Bis dahin müssen zudem politische Fragen, etwa nach der Diskriminierung von Nicht-Geimpften, und Fragen des Datenschutzes geklärt werden.

Sobald ein Mitgliedsland den Impfpass eingeführt habe, dürfe nicht zwischen eigenen Staatsbürgern und EU-Ausländern unterschieden werden, mahnte die niederländische Grünen-Abgeordnete Tineke Strik. Es dürfe bei Restaurantbesuchen oder anderen Dienstleistungen kein zusätzliches Dokument verlangt werden.

EU-Justizkommissar Didier Reynders erklärte, das sogenannte digitale grüne Zertifikat sei mehr als nur ein Impfnachweis. Auch ersetze es nicht den regulären Reisepass.

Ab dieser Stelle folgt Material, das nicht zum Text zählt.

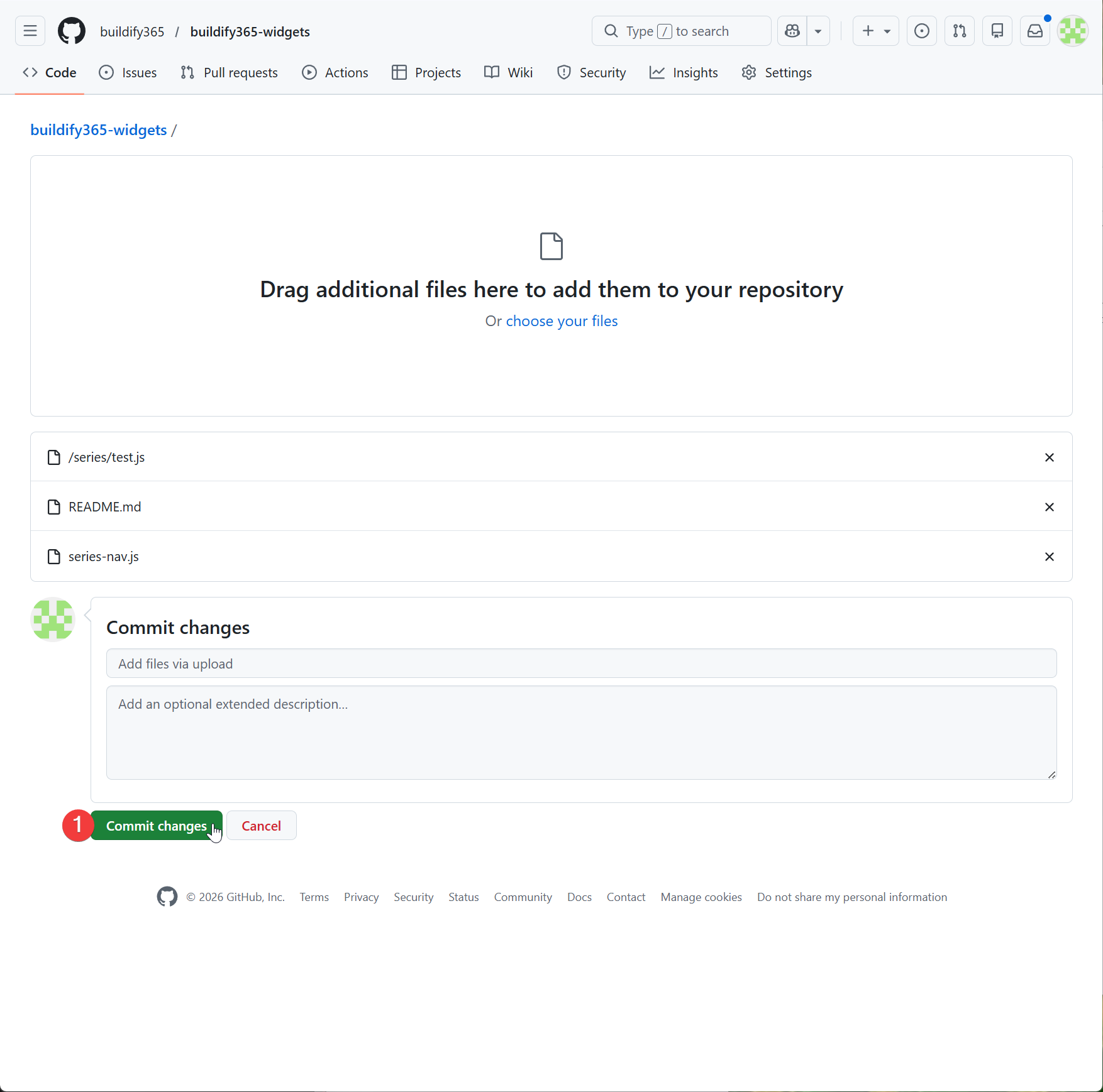 5. 아래쪽 Commit changes 클릭하여 저장 → [이미지 20]

Die EU-Kommission arbeite hart daran, möglichst viele Menschen in Europa zu impfen, um eine Diskriminierung von denjenigen zu verhindern, die noch nicht geimpft worden seien. Das vorgeschlagenen zertifikat enthalte daher auch Informationen über negative Testergebnisse und die Genesung von Covid-Patienten.

Aus dem Europäischen Parlament kommt zudem die Forderung, kostenlose Tests anzubieten und auf EU-Ebene zu regulieren.